What you are asked to do: In the entries below, filter for the word "with" and copy every matching line.

Supplied material:

**********

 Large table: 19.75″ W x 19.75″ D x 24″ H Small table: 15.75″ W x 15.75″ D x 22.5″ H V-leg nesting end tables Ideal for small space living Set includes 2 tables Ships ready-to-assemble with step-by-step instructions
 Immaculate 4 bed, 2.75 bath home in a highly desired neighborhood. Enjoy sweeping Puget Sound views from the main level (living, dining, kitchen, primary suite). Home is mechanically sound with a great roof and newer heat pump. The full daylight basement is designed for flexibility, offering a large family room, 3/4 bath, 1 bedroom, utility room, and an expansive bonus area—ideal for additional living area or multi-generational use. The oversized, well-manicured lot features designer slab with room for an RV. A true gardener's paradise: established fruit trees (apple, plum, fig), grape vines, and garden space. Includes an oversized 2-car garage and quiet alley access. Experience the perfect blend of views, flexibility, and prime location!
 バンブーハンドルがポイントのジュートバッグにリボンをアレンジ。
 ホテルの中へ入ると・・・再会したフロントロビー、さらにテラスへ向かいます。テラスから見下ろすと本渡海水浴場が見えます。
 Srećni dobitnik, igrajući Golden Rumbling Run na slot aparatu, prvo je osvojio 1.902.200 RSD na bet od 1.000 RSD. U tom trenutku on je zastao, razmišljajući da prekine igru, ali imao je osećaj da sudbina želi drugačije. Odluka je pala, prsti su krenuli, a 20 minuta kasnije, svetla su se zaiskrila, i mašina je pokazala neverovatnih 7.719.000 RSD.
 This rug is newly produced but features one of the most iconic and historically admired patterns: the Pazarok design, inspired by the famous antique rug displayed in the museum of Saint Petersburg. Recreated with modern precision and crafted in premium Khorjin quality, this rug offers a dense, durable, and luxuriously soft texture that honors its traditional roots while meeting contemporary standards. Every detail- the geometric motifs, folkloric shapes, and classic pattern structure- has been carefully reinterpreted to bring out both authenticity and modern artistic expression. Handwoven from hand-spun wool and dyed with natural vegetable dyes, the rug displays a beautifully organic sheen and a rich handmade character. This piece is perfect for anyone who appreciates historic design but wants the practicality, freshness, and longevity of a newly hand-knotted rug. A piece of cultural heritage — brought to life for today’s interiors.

**********

Solved problem:
 Large table: 19.75″ W x 19.75″ D x 24″ H Small table: 15.75″ W x 15.75″ D x 22.5″ H V-leg nesting end tables Ideal for small space living Set includes 2 tables Ships ready-to-assemble with step-by-step instructions
 Immaculate 4 bed, 2.75 bath home in a highly desired neighborhood. Enjoy sweeping Puget Sound views from the main level (living, dining, kitchen, primary suite). Home is mechanically sound with a great roof and newer heat pump. The full daylight basement is designed for flexibility, offering a large family room, 3/4 bath, 1 bedroom, utility room, and an expansive bonus area—ideal for additional living area or multi-generational use. The oversized, well-manicured lot features designer slab with room for an RV. A true gardener's paradise: established fruit trees (apple, plum, fig), grape vines, and garden space. Includes an oversized 2-car garage and quiet alley access. Experience the perfect blend of views, flexibility, and prime location!
 This rug is newly produced but features one of the most iconic and historically admired patterns: the Pazarok design, inspired by the famous antique rug displayed in the museum of Saint Petersburg. Recreated with modern precision and crafted in premium Khorjin quality, this rug offers a dense, durable, and luxuriously soft texture that honors its traditional roots while meeting contemporary standards. Every detail- the geometric motifs, folkloric shapes, and classic pattern structure- has been carefully reinterpreted to bring out both authenticity and modern artistic expression. Handwoven from hand-spun wool and dyed with natural vegetable dyes, the rug displays a beautifully organic sheen and a rich handmade character. This piece is perfect for anyone who appreciates historic design but wants the practicality, freshness, and longevity of a newly hand-knotted rug. A piece of cultural heritage — brought to life for today’s interiors.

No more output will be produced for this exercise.